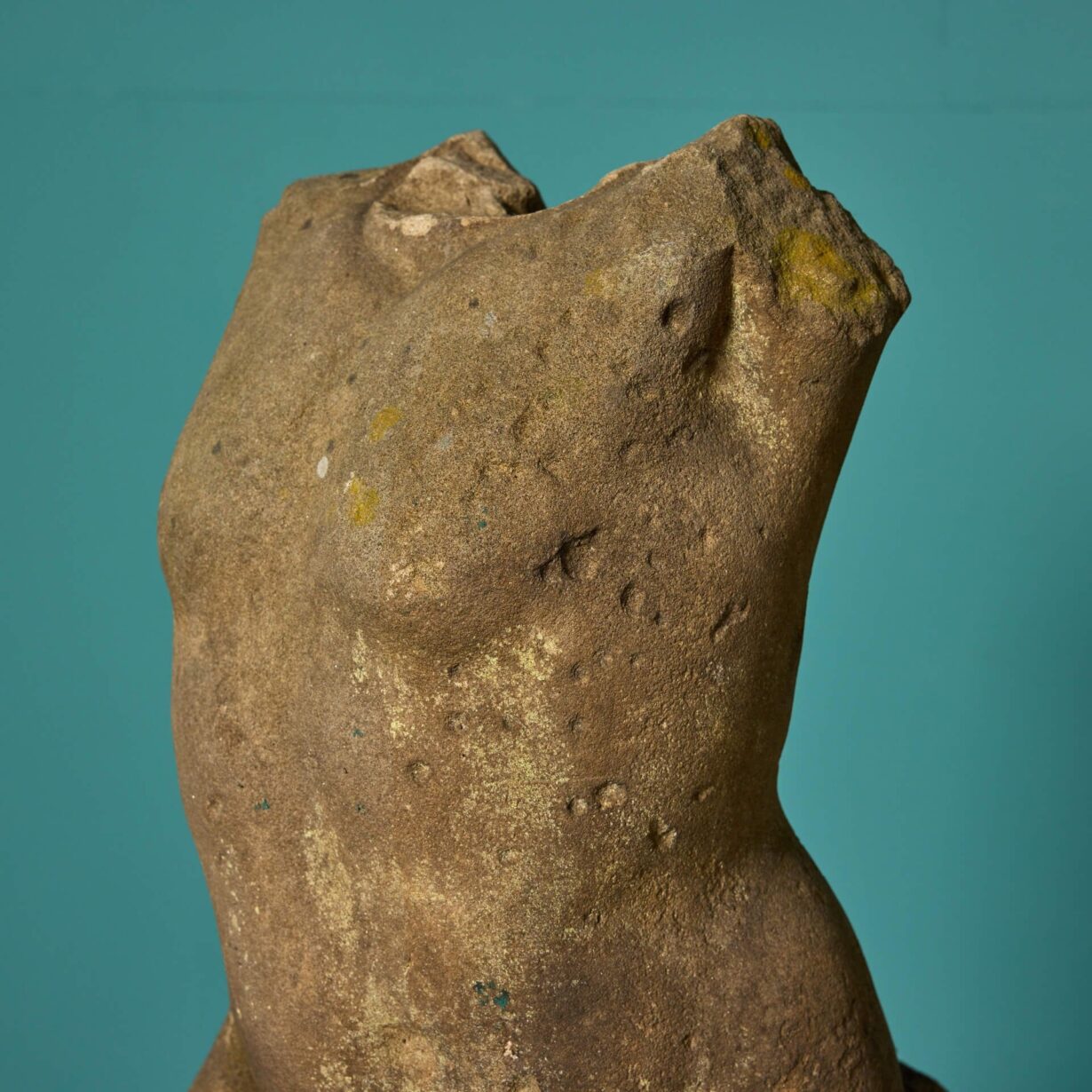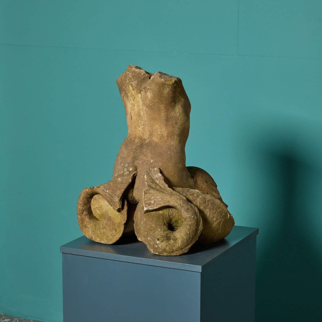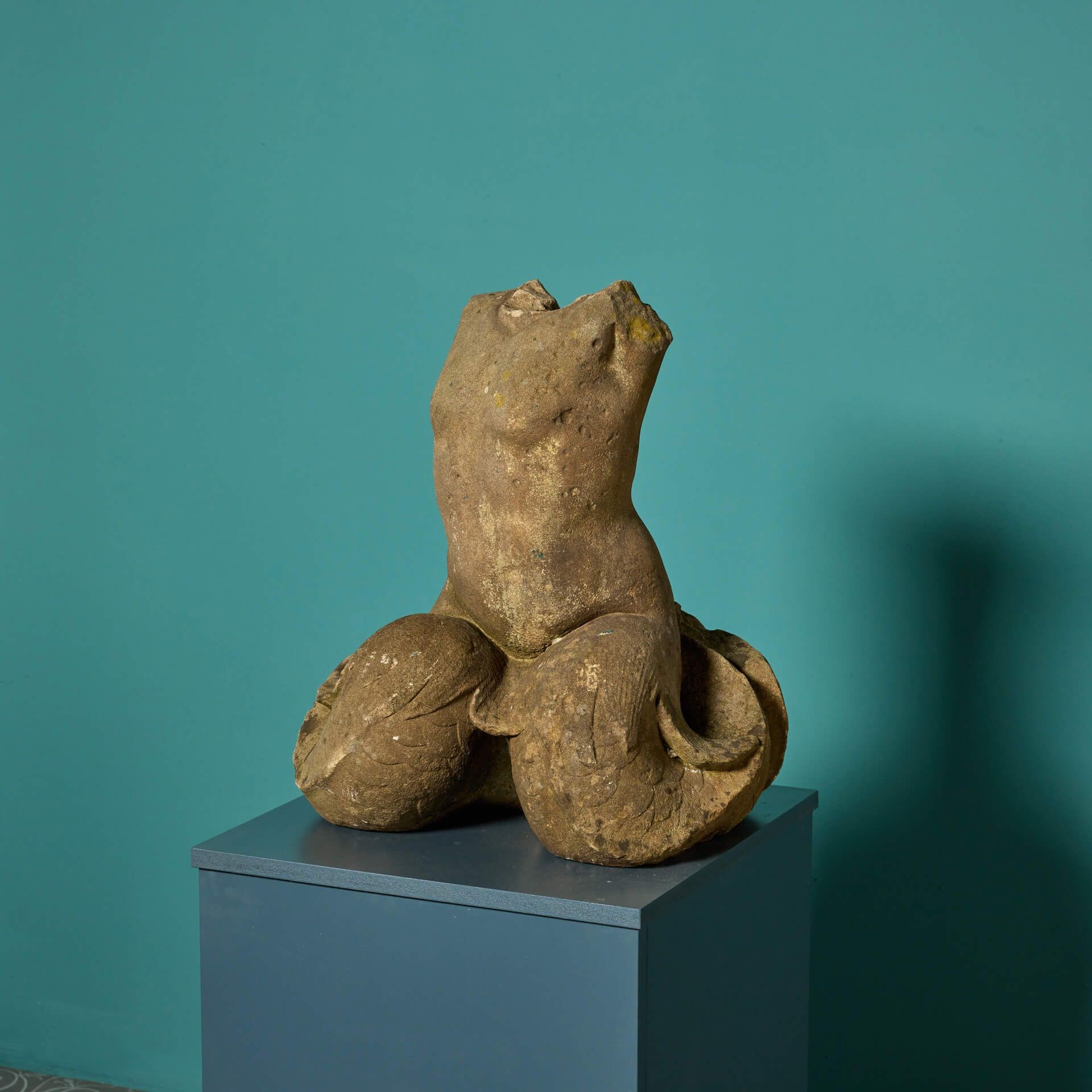 back to topAn antique carved York stone statue in the form of Triton. This mid 19th century English piece now stands as a hand carved torso, which was once part of a fountain. It could be used in an array of different ways for exterior or interior use, such as a garden water feature, lamp, or statue.
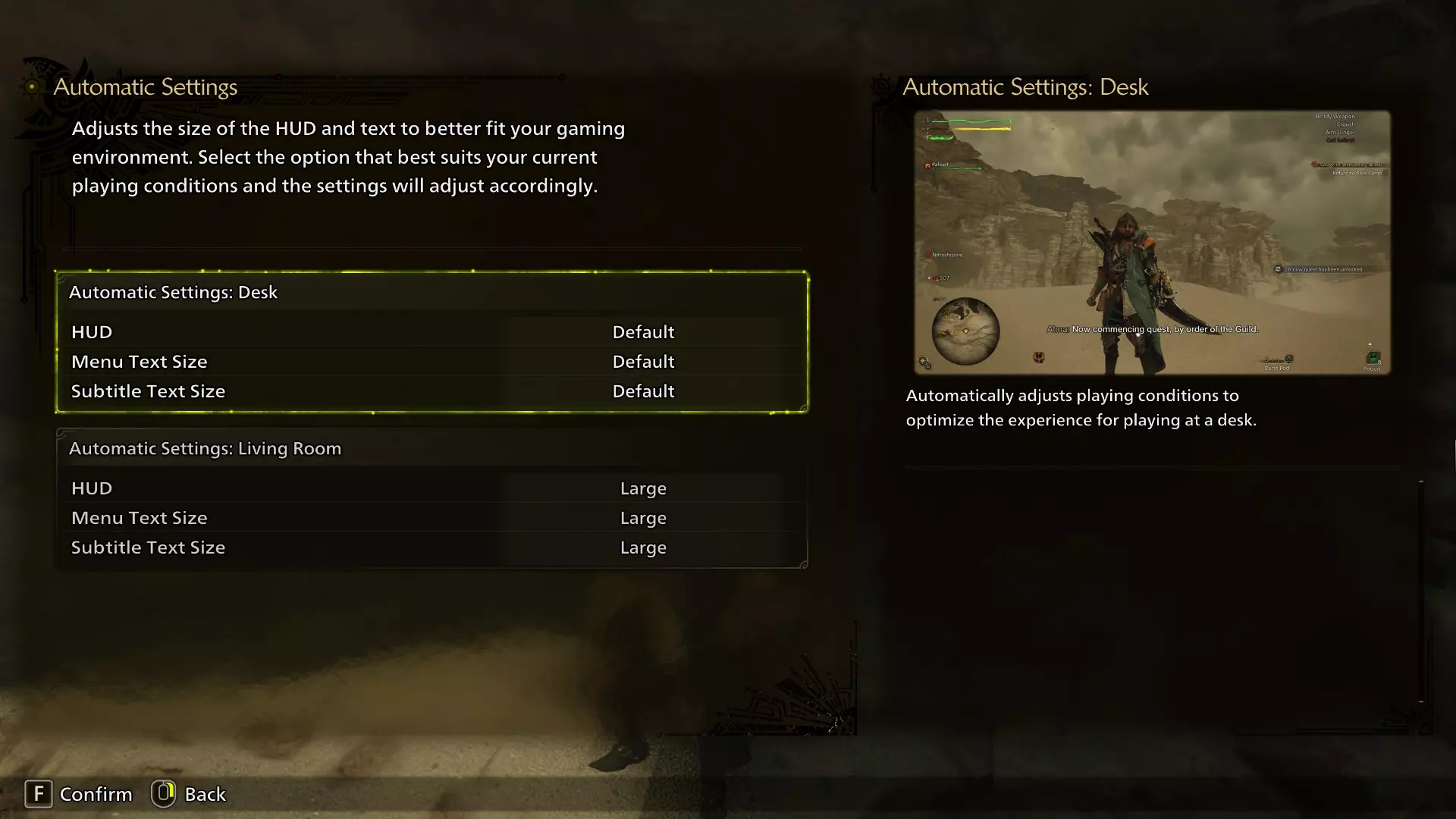 自动设置非常适合不想手动自定义HUD的玩家。它为桌面/电视玩家提供了两种默认尺寸。 其他 键鼠的钓鱼操作不够直观。你需要按前后键(大多数人是W和S)并保持一定节奏,直到猎人开始明显收线以吸引鱼的注意。节奏速度会影响你吸引到的鱼的种类。 在控制器上,这模拟了真实的收线动作,但在PC上这种操作体验没有很好地转换,所以包括我在内的很多人一开始都感到非常困惑!
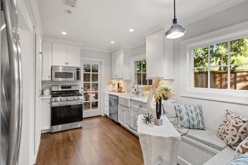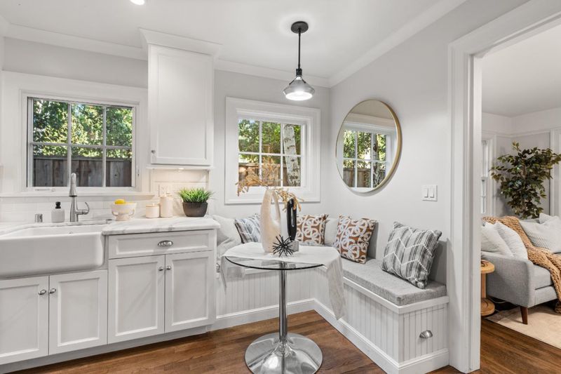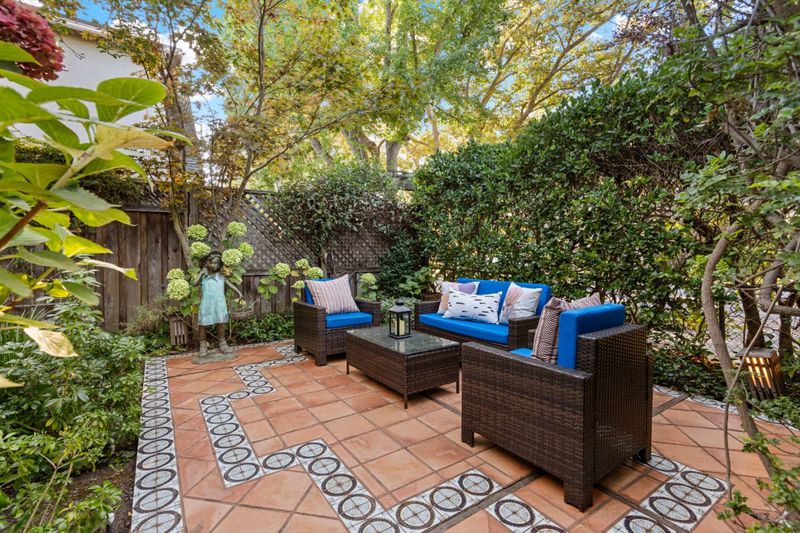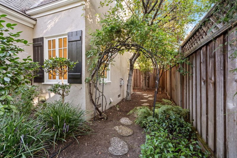 With 1,100 sq. ft. of living space, this English Tudor style cottage near downtown Palo Alto is a jewel box home blending European heritage with California sophistication. Inspired by the Tudor grace that once influenced Walt Disneys castle, it evokes storybook beauty with modern comfort and craftsmanship. Walk up to a manicured courtyard framed by hydrangeas and greenery, a serene retreat for afternoon tea or quiet gatherings. Inside, traditional architectural details including picture rail moldings, decorative millwork, marble accents, and hardwood floors highlight timeless craftsmanship. This home offers an exceptional alternative to condominium living with the privacy of a standalone residence. The living room features a classic fireplace with a new mechanism and new lightings, while the kitchen showcases marble counters, custom cabinetry, and a reupholstered banquette. 2 bathrooms echo the homes elegance with marble finishes and upgraded fixtures. 3 bedrooms include a spacious primary and a jewel box secondary with built ins. Recent updates such as fresh paint, new sewer lateral, and full termite tenting ensure peace of mind. Steps from University Avenue, Stanford, and top rated schools, this home captures the rare elegance of a mini mansion in the heart of Palo Alto.

### Goal of the exercise
Repeat verbatim all the material, but not the pictures.

### Solved problem
 back to topAn antique carved York stone statue in the form of Triton. This mid 19th century English piece now stands as a hand carved torso, which was once part of a fountain. It could be used in an array of different ways for exterior or interior use, such as a garden water feature, lamp, or statue.
 自动设置非常适合不想手动自定义HUD的玩家。它为桌面/电视玩家提供了两种默认尺寸。 其他 键鼠的钓鱼操作不够直观。你需要按前后键(大多数人是W和S)并保持一定节奏,直到猎人开始明显收线以吸引鱼的注意。节奏速度会影响你吸引到的鱼的种类。 在控制器上,这模拟了真实的收线动作,但在PC上这种操作体验没有很好地转换,所以包括我在内的很多人一开始都感到非常困惑!
 With 1,100 sq. ft. of living space, this English Tudor style cottage near downtown Palo Alto is a jewel box home blending European heritage with California sophistication. Inspired by the Tudor grace that once influenced Walt Disneys castle, it evokes storybook beauty with modern comfort and craftsmanship. Walk up to a manicured courtyard framed by hydrangeas and greenery, a serene retreat for afternoon tea or quiet gatherings. Inside, traditional architectural details including picture rail moldings, decorative millwork, marble accents, and hardwood floors highlight timeless craftsmanship. This home offers an exceptional alternative to condominium living with the privacy of a standalone residence. The living room features a classic fireplace with a new mechanism and new lightings, while the kitchen showcases marble counters, custom cabinetry, and a reupholstered banquette. 2 bathrooms echo the homes elegance with marble finishes and upgraded fixtures. 3 bedrooms include a spacious primary and a jewel box secondary with built ins. Recent updates such as fresh paint, new sewer lateral, and full termite tenting ensure peace of mind. Steps from University Avenue, Stanford, and top rated schools, this home captures the rare elegance of a mini mansion in the heart of Palo Alto.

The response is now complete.